Information given section start
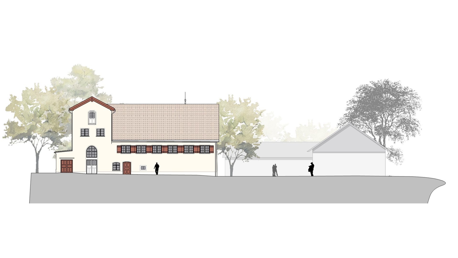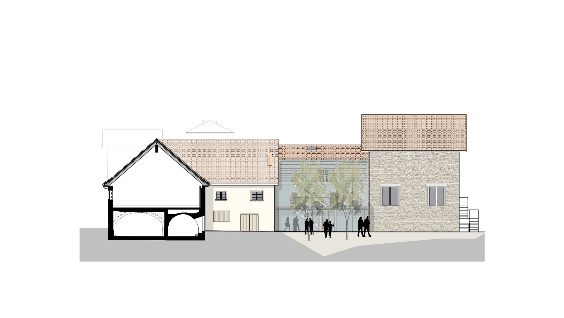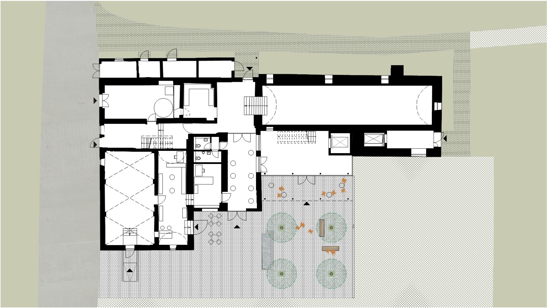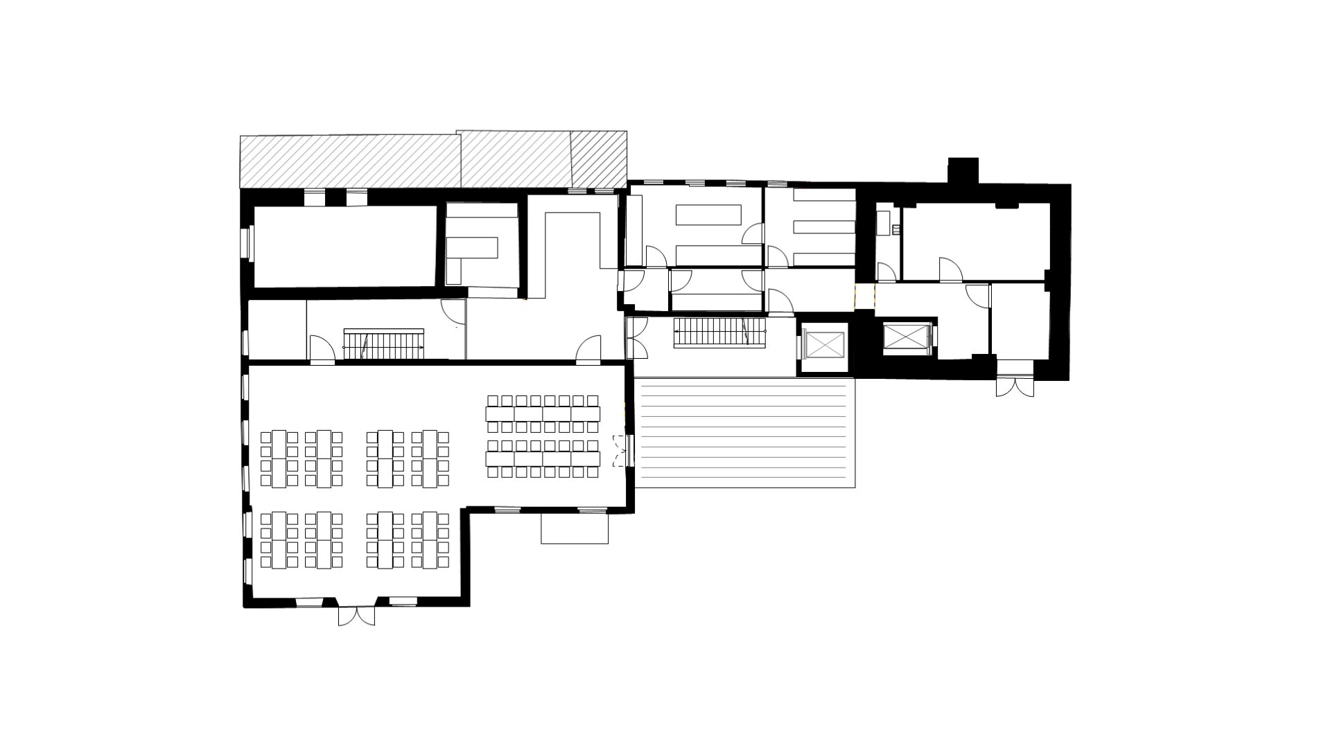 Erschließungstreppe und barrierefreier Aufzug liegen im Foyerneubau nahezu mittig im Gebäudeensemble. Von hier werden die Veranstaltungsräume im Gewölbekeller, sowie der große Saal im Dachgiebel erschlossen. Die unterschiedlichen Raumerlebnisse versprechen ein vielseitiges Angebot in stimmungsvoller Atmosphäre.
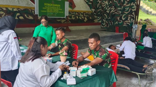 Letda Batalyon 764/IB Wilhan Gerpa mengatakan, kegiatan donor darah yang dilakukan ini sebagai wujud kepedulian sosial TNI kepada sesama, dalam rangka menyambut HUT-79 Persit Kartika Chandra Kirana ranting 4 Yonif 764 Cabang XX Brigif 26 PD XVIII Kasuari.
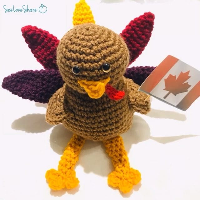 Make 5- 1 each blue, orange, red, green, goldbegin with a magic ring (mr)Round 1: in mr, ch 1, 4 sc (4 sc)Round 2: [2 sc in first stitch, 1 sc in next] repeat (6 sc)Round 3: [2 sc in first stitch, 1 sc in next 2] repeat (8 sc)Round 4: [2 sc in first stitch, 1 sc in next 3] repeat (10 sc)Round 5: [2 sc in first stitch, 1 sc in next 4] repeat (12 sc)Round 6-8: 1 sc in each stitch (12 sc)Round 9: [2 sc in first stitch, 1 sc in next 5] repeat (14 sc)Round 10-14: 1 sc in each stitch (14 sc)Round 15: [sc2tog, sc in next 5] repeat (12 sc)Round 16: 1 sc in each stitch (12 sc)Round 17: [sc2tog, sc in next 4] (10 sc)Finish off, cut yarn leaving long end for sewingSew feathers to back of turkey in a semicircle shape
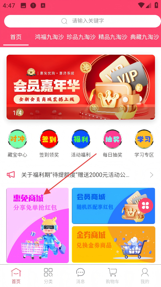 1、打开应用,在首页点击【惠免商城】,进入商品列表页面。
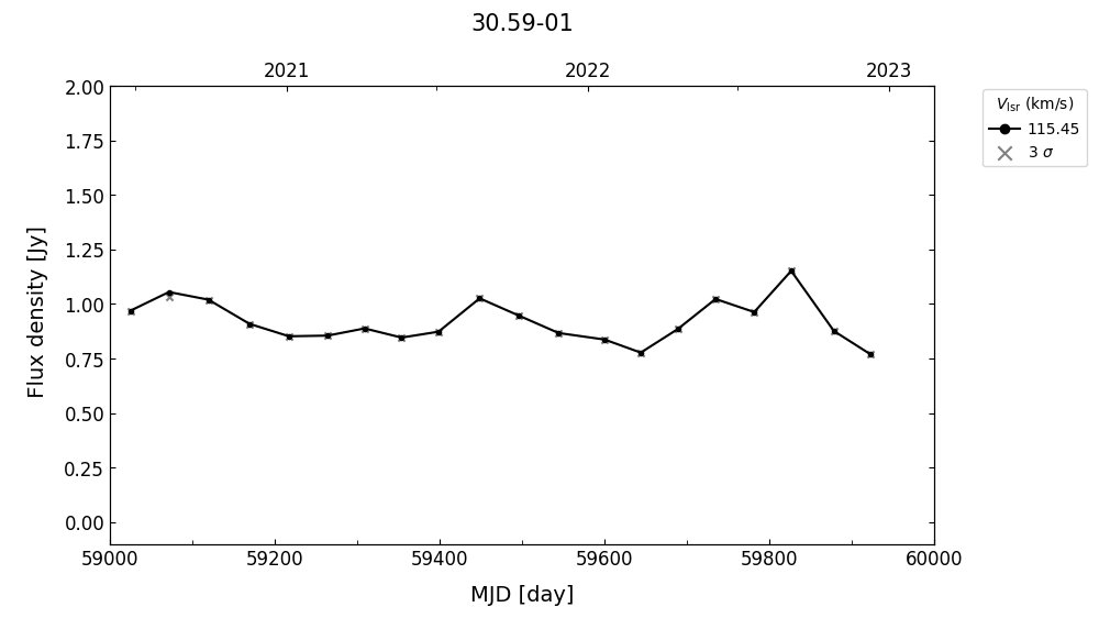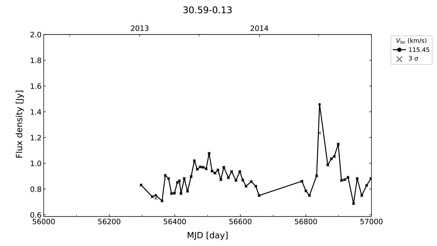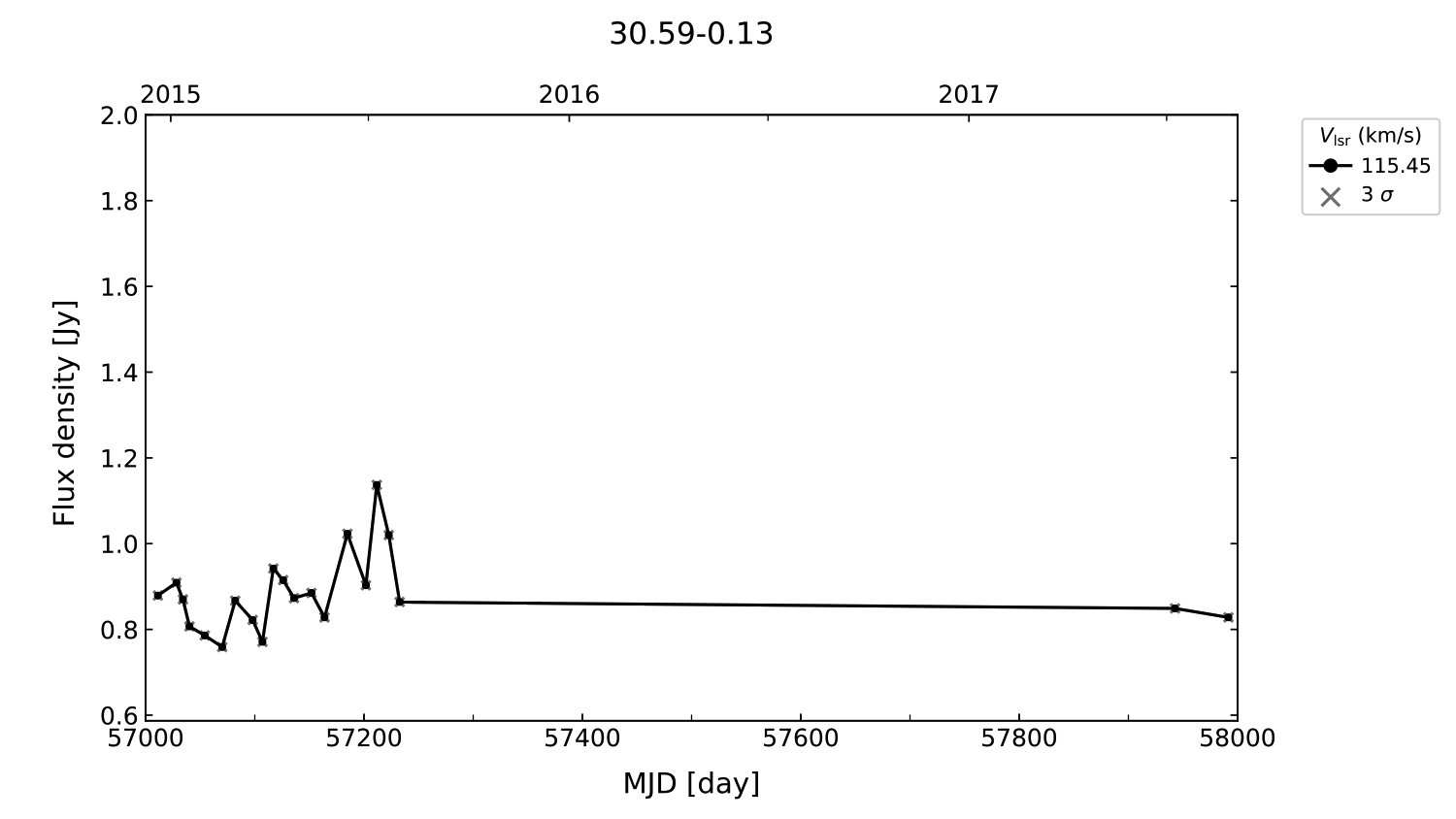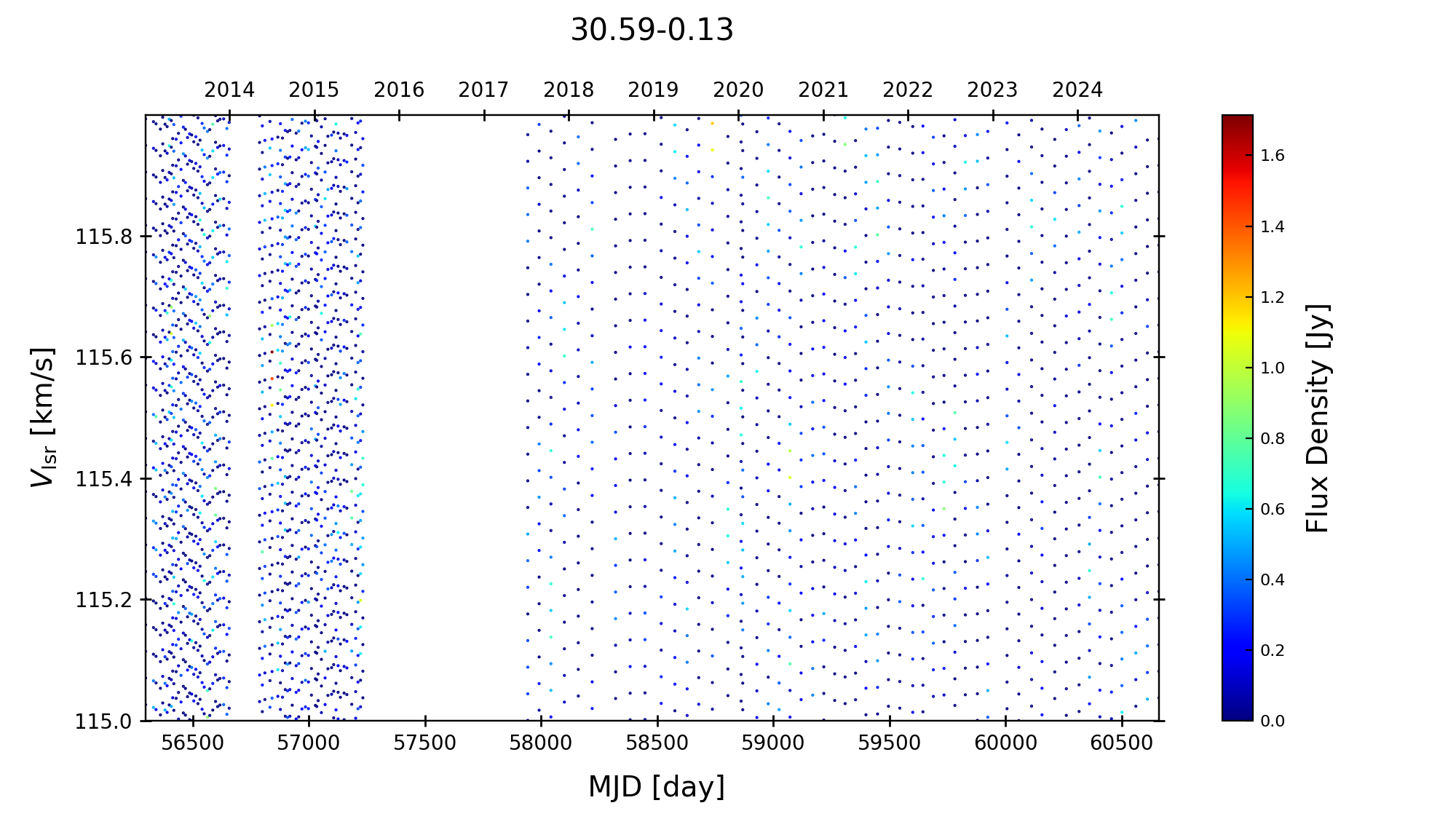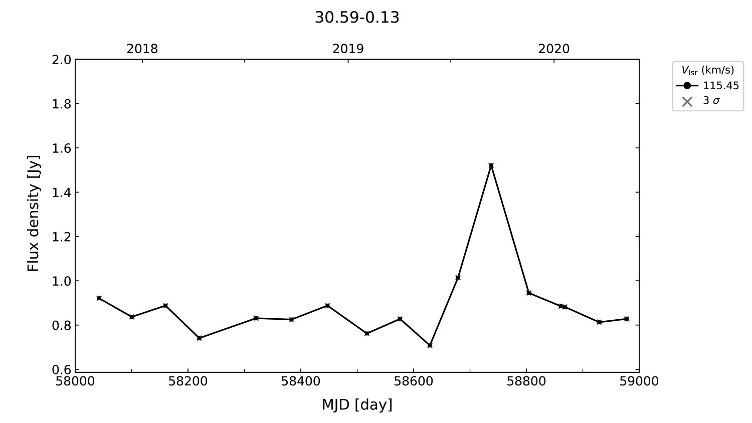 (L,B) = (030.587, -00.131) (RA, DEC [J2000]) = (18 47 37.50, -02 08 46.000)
Information given section end
Information given section start
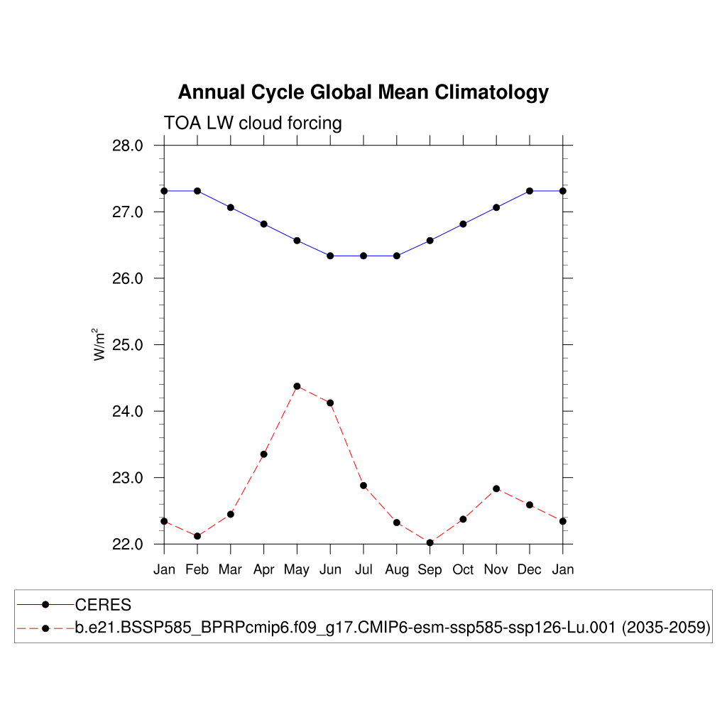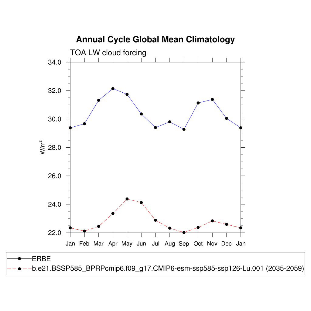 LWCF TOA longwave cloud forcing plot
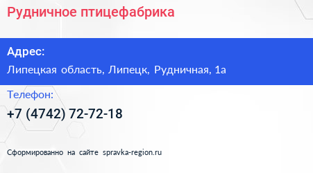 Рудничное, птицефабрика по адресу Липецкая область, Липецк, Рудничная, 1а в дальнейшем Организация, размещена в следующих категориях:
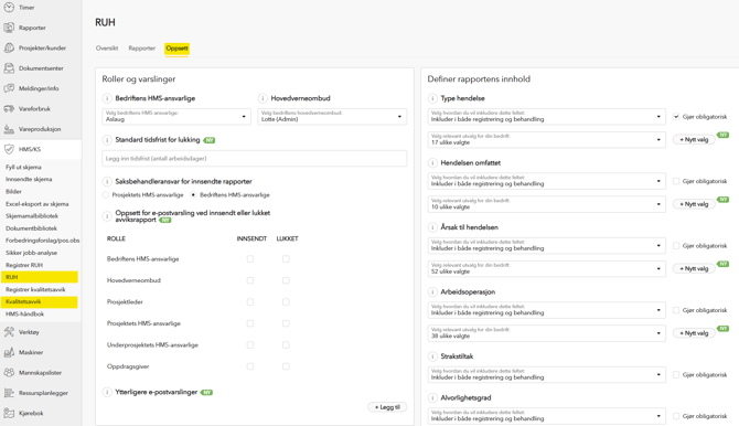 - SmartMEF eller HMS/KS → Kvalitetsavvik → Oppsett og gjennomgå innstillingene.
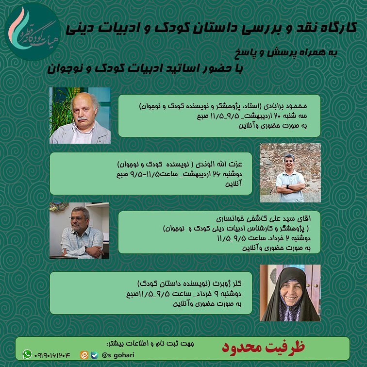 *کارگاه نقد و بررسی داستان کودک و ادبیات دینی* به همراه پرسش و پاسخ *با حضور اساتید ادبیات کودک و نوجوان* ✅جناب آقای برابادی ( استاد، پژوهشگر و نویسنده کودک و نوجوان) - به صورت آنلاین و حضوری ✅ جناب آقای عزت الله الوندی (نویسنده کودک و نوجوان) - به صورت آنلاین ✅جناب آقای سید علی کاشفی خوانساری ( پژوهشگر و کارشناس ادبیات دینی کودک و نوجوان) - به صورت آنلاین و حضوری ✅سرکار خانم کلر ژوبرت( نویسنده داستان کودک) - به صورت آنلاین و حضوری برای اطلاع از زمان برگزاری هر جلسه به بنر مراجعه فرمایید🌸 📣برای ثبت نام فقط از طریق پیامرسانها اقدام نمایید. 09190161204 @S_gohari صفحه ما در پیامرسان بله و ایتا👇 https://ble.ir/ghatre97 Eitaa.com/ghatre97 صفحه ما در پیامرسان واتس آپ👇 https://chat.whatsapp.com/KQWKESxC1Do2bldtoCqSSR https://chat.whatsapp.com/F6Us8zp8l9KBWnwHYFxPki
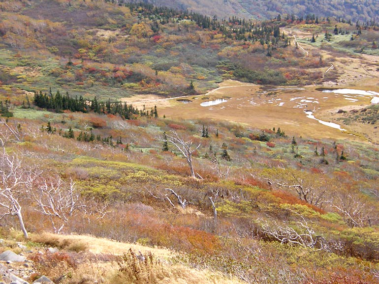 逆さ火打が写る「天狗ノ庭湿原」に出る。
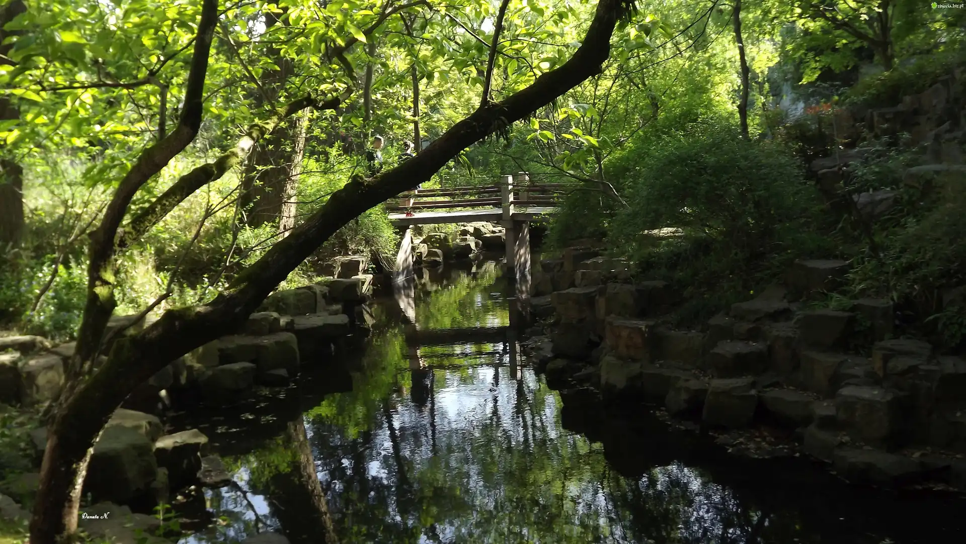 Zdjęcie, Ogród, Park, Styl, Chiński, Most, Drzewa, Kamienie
Information given section end
◆ **Problem details**:
Could you write out exactly the lines of the data above that run from the one holding "Make 5- 1 each" to the one holding "(L,B) = (030.587, -00.131)", with both ends in and all pictures out?

◆ **The answer**:
 Make 5- 1 each blue, orange, red, green, goldbegin with a magic ring (mr)Round 1: in mr, ch 1, 4 sc (4 sc)Round 2: [2 sc in first stitch, 1 sc in next] repeat (6 sc)Round 3: [2 sc in first stitch, 1 sc in next 2] repeat (8 sc)Round 4: [2 sc in first stitch, 1 sc in next 3] repeat (10 sc)Round 5: [2 sc in first stitch, 1 sc in next 4] repeat (12 sc)Round 6-8: 1 sc in each stitch (12 sc)Round 9: [2 sc in first stitch, 1 sc in next 5] repeat (14 sc)Round 10-14: 1 sc in each stitch (14 sc)Round 15: [sc2tog, sc in next 5] repeat (12 sc)Round 16: 1 sc in each stitch (12 sc)Round 17: [sc2tog, sc in next 4] (10 sc)Finish off, cut yarn leaving long end for sewingSew feathers to back of turkey in a semicircle shape
 1、打开应用,在首页点击【惠免商城】,进入商品列表页面。
 (L,B) = (030.587, -00.131) (RA, DEC [J2000]) = (18 47 37.50, -02 08 46.000)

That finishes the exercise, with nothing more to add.